American screenwriter and novelist

Lieutenant Colonel Jack Lewis or C. Jack Lewis USMC retired (November 13, 1924 – May 24, 2009), was a former Marine, screenwriter, and author of 12 books and an estimated 6,000 magazine articles and short stories. He was the co-founder and editor of Gun World magazine and continued contributing articles to that publication until the time of his death. Lewis wrote under the name C. Jack Lewis due to four other writers with the name of Jack Lewis.

==Biography==
Lewis was born in Iowa in 1924. He sold his first short story, "The Cherokee Kid's Last Stand", at the age of 14 for $5.00, which Lewis thought was better money than a field hand's wage, which was then a dollar a day. Buoyed by his success, Lewis submitted an unsolicited Andy Hardy screenplay that was rejected by MGM. He did not sell any more stories until he was 22.

Lewis recalled being lost as a child in a Department Store and being found by two Marines in dress blues. He enlisted in the United States Marine Corps at 18 years of age in World War II and was commissioned a second lieutenant in 1945.

After the war, Lewis attended the University of Iowa, where he earned a bachelor's degree in journalism. After obtaining the degree, Lewis reentered the Marine Corps through the Marine Corps Reserve. He worked on a Marine training film, then was assigned as a technical advisor to the film Sands of Iwo Jima, where Lewis said he advised the cast how to lace up their leggings.

==Screenwriting==
Lewis began his screenwriting career in 1950 with several Westerns, including the Lash LaRue feature King of the Bullwhip for Ron Ormond.

With the start of the Korean War, Lewis returned to active duty for six years in the Corps. He served as a combat correspondent and photographer, where he earned the Bronze Star during his second Korean tour, filming Marine aircraft bombing enemy positions. During the Korean War, Lewis had his first experience with the M1 carbine. He fired eight rounds at an enemy soldier before a Marine with a Thompson submachine gun felled the soldier. Lewis discovered that six of his rounds had hit his target with no effect; Lewis began to carry a Thompson.
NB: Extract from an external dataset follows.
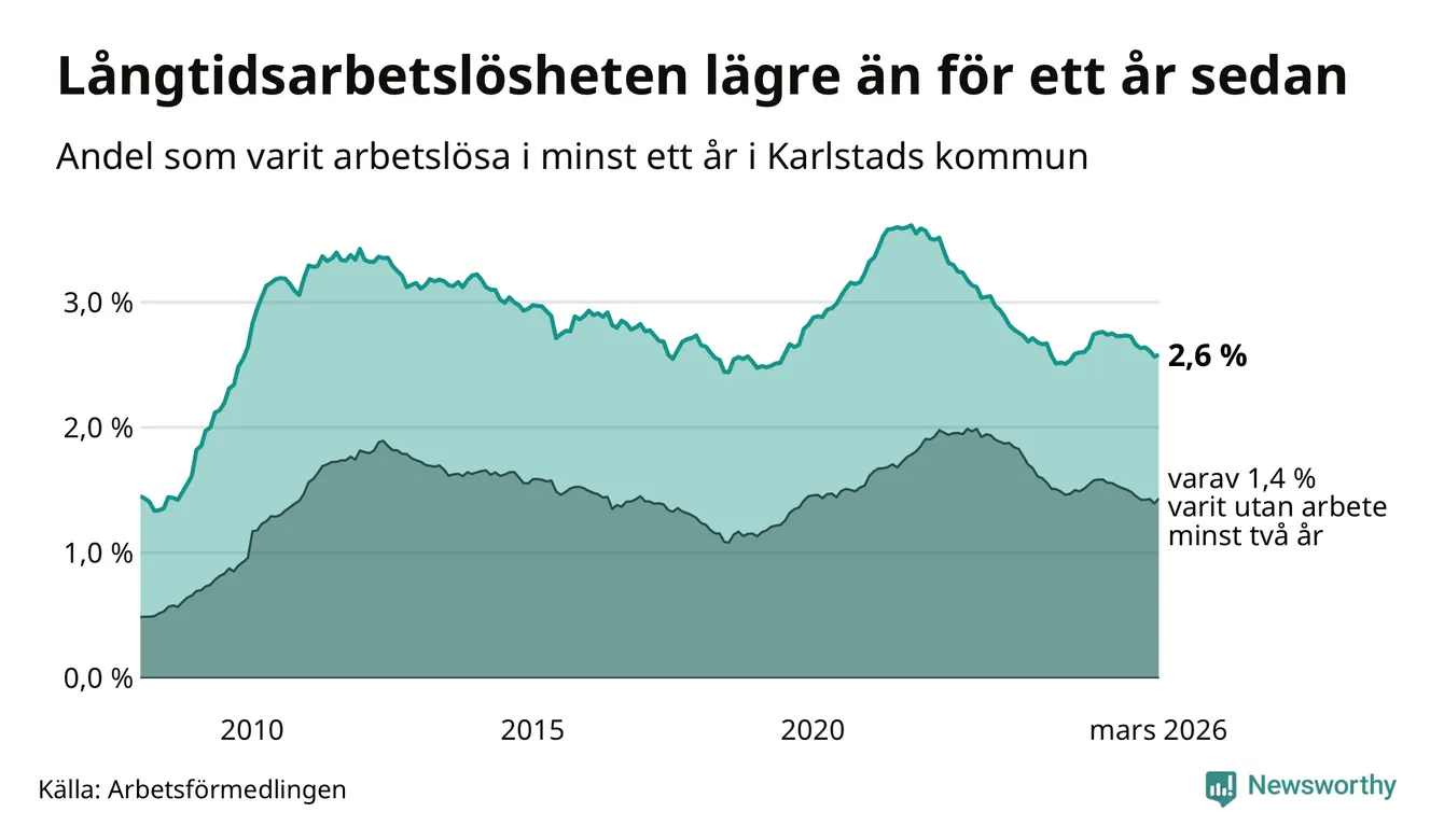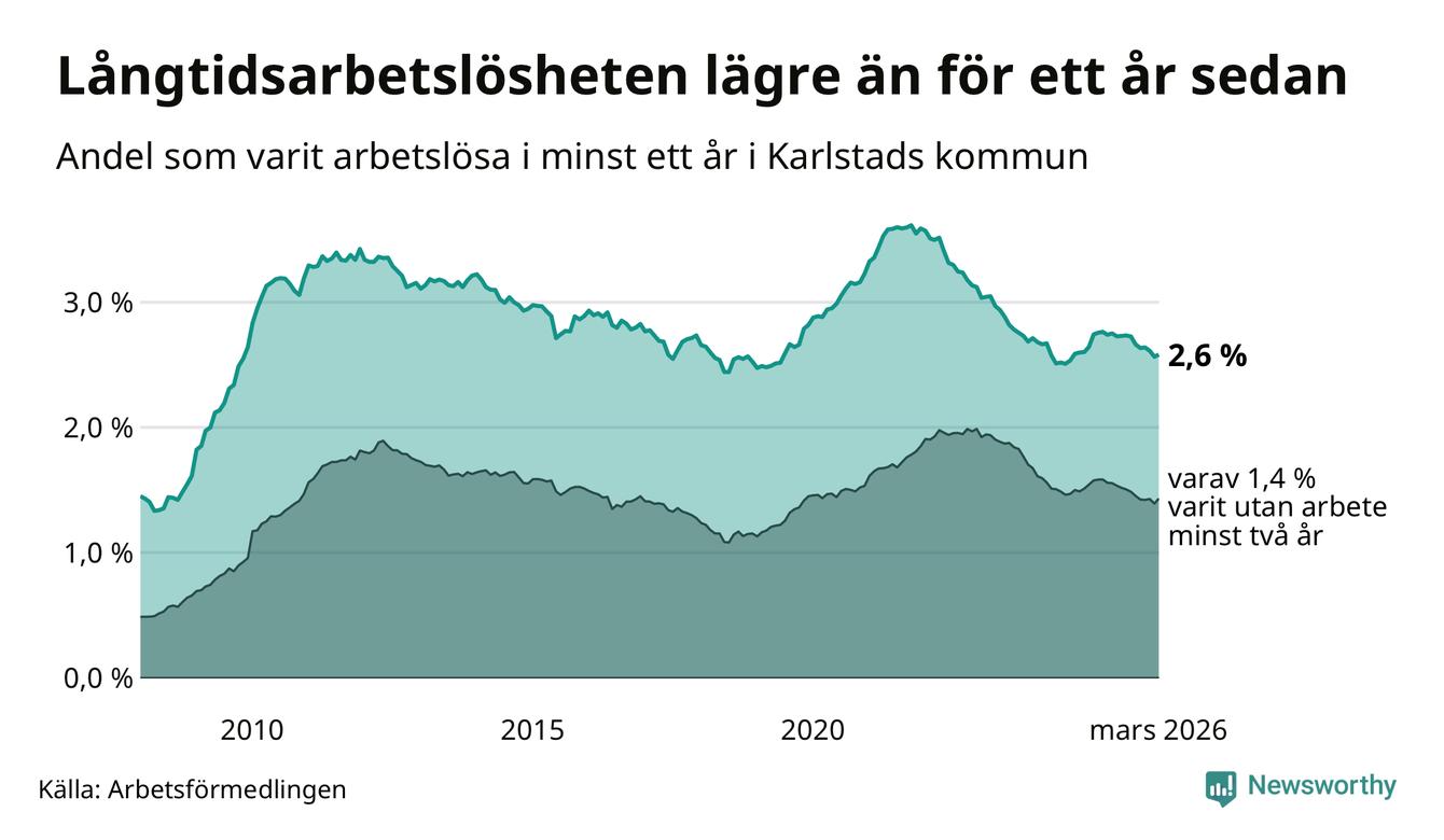 I mars hade 1 317 Karlstadsbor varit arbetslösa i minst ett år, vilket är tio fler än månaden innan. 1 317 personer motsvarar 2,6 procent av arbetskraften i kommunen – andelen långtidsarbetslösa är 0,2 procentenheter lägre än samma månad för ett år sedan.

Lewis submitted over two dozen magazine articles to Marine Corps Headquarters about the exploits of the Marines in Korea. Headquarters sent them back, saying that they sounded too much like Marine propaganda; Lewis then sent them to his civilian literary agent who had them published, with a payment for Lewis of $200 each. Lewis sent copies of the published articles to the Headquarters person who had rejected them.

After Korea, Captain Lewis served as a company commander in the 4th Marines at Camp Pendleton, then was transferred to Naval Air Station Kaneohe Bay as a Public Information Officer. During his Hawaiian tour, Lewis was assigned as one of the technical advisors to John Ford's Mister Roberts. When no one could find a stunt performer to drive a motorcycle off a pier, Lewis did the job himself. Lewis later appeared in Ford's film Sergeant Rutledge.
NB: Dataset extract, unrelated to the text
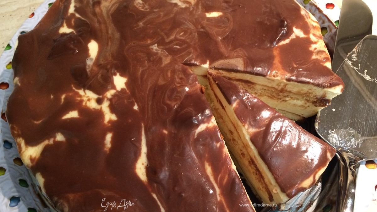 Мраморного эффекта у меня не получилось (см. фото), но торт ОЧЕНЬ вкусный! Спасибо! 💖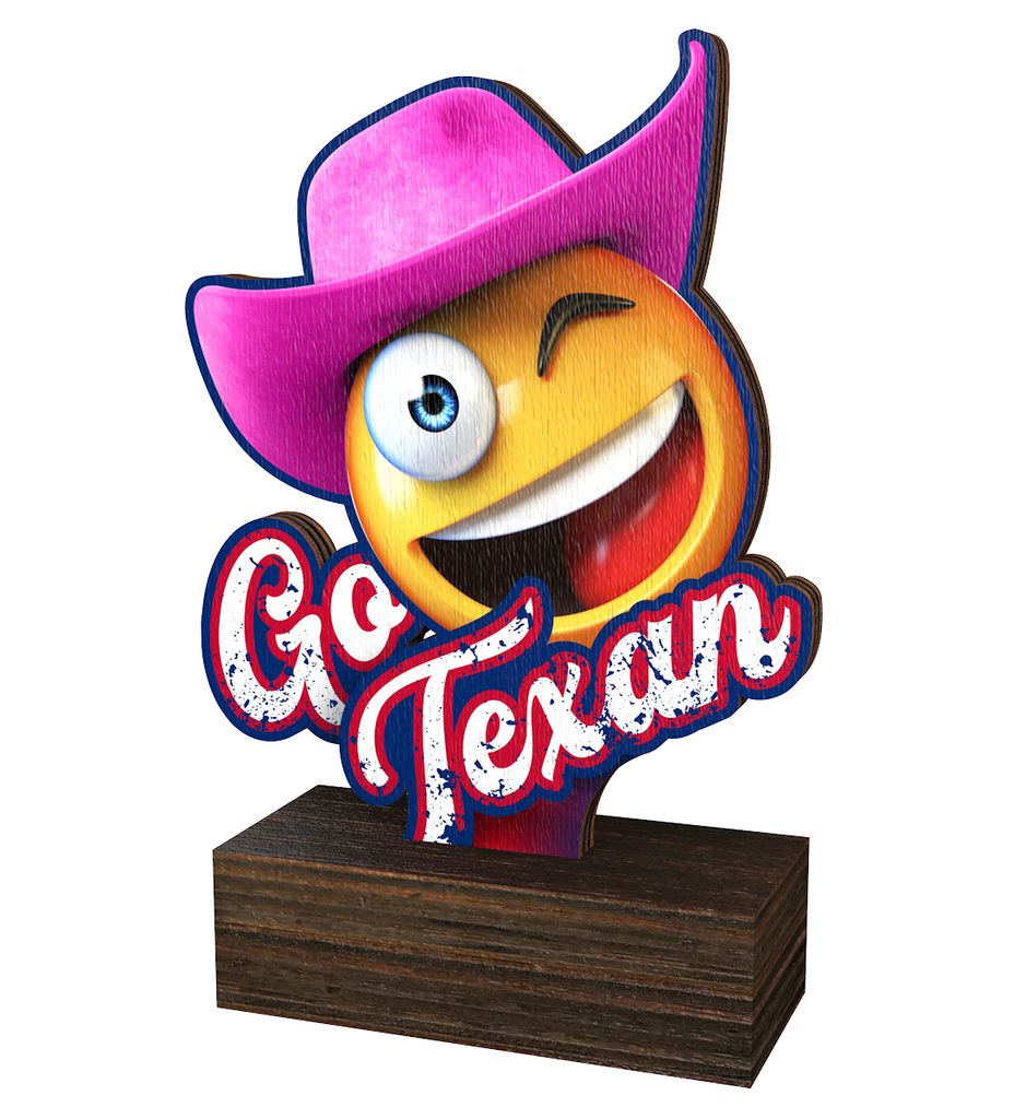 The Go Texan Pink Hat Real Wood Trophy is a brand new eco friendly award made from 5/16" thick natural birch plywood, mounted on a thick wooden rectangular base. A sustainable product that is part of a collection designed and manufactured in our own factory. Not only for the environmentally conscious, this trophy will be the centrepiece in any presentation.

In 1960, Lewis wrote the screenplay for Poverty Row filmmaker Edgar G. Ulmer's The Amazing Transparent Man. The only science fiction script by Lewis ever filmed, this poorly received American International Pictures release was later lampooned in an episode of Mystery Science Theater 3000.

==Journalism==
Though Lewis's commanding officer offered to get him a regular commission, Lewis wished to become a full-time writer and left the Corps. In addition to his screenplays, film work, and story writing, Lewis became an editor of a magazine and, after three years of observing the process, teamed up with that magazine's art director Dean Grennell to publish Gun World magazine in 1959. Lewis authored the monthly knife column in Gun World until his death.
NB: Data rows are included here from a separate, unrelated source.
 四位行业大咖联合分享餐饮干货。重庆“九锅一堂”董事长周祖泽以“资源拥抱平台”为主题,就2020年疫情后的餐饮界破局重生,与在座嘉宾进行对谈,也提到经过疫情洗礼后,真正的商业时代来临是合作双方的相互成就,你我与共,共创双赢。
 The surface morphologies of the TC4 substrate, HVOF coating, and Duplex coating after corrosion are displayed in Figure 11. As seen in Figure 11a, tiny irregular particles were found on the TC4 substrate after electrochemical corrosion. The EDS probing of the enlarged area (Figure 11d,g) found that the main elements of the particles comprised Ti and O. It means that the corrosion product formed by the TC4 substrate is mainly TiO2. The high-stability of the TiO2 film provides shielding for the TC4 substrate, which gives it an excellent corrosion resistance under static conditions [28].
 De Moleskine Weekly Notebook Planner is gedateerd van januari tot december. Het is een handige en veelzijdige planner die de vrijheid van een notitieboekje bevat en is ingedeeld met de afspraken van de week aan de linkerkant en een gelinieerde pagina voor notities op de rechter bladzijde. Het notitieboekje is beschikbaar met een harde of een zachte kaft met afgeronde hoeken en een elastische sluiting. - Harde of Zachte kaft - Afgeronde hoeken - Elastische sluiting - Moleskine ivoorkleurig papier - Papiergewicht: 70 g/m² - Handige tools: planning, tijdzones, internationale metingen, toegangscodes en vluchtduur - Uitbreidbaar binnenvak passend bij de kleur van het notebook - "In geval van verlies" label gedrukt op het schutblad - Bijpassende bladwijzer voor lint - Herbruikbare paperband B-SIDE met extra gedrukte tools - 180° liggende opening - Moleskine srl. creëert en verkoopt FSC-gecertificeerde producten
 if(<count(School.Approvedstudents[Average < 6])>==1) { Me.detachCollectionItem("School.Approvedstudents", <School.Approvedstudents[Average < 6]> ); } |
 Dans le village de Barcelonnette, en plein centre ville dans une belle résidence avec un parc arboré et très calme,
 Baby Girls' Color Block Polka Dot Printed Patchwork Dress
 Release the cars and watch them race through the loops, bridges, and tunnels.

Lewis's writing on the capabilities of various weapons as well as his photos of "exotic" (military and law enforcement) weapons led several major firearms manufacturers to not advertise in Gun World. Lewis told the then Commandant of the Marine Corps Paul X. Kelley that the M16 rifle's effect was that "The United States used to be known as a Nation of Riflemen; now we've become a Nation of Sprayers".
Lewis's continued contact with the Marine Corps led him to:
- write the screenplay to Marshall Thompson's film A Yank in Viet-Nam that was filmed on location in South Vietnam in 1963.
- have his first novel, Tell it to the Marines, published in 1966.
- return to active duty in the Corps in 1969 with III Marine Amphibious Corps in the Vietnam War. Lewis earned his second and third Air Medals during his Vietnam tour. Lewis retired from the Marine Corps Reserve one day before his 60th birthday, November 12, 1984.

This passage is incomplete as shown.